Conflict Resolution and Workplace Mediation - How to Mediate Workplace Conflict Without Getting Caught In The Crossfire

BusinessManagement

  • Author Paul Endress
  • Published December 16, 2010
  • Word count 735

Workplace mediation can be tricky. When you are called upon to mediate a conflict in the workplace, you are entering a potential danger zone because if there isn’t a successful outcome, the parties may end up blaming you.

Because your reputation and credibility are at risk, use these guidelines to ensure that you have a successful resolution by uncovering a true win/win solution:

Make sure that you are invited.

Make sure that you are invited by everyone involved and that they have given you authority to help them resolve the problem. Anyone who has ever stepped into a dispute after being invited by only one party knows how easy it is to get caught up in the argument and end up with everyone united against you.
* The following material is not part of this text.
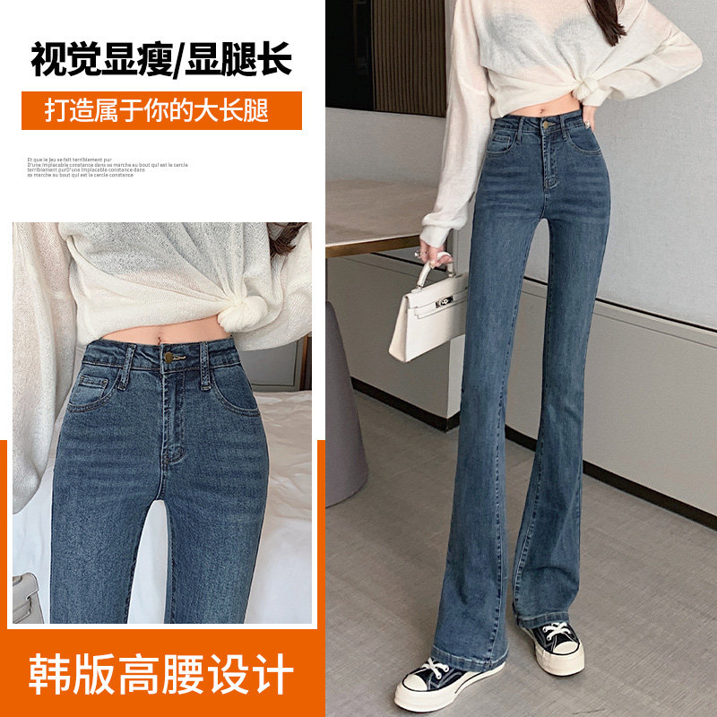 大码微喇叭弹力牛仔裤女春秋季马蹄裤显瘦显高修身直筒喇叭裤加长

As part of your conditions for getting involved, insist that everyone recognizes that you have the authority to set ground rules of behavior and enforce them if necessary. Getting this authority before the mediation starts will provide you with a much-needed source of power if people begin to exhibit inappropriate behaviors after the process begins.

Be careful about non verbal communication.
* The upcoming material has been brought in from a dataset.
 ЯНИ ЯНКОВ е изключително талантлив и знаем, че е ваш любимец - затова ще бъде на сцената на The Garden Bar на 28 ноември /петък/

Non verbal communication includes voice tones, facial expressions, seating positions, and everything other than words. Proper use and control of the non verbal portion of the communication will make sure that the message is kept clean.

Here are three things to watch out for:

  1. Seating. Make sure that opposing parties are seated at a one hundred and twenty degree angle and not directly across from each other. Some situations are so hot that just looking at the other person(s) can eliminate any hope of reason.

  2. Watch yourself. As the mediator, you have a special responsibility to make sure that you don’t accidentally interject your emotions or opinions into the process by silently with your voice tones or facial expressions.

  3. Don’t allow negative voice tones and facial expressions. If someone makes a face or a dismissive sound, call them on it, but be very factual when you do. For example you might say "Mary, you are rolling your eyes every time Angelo talks. I need you to stop doing that." The authority that was given to you when you agreed to mediate allows you to make this kind of control statement without creating hard feelings.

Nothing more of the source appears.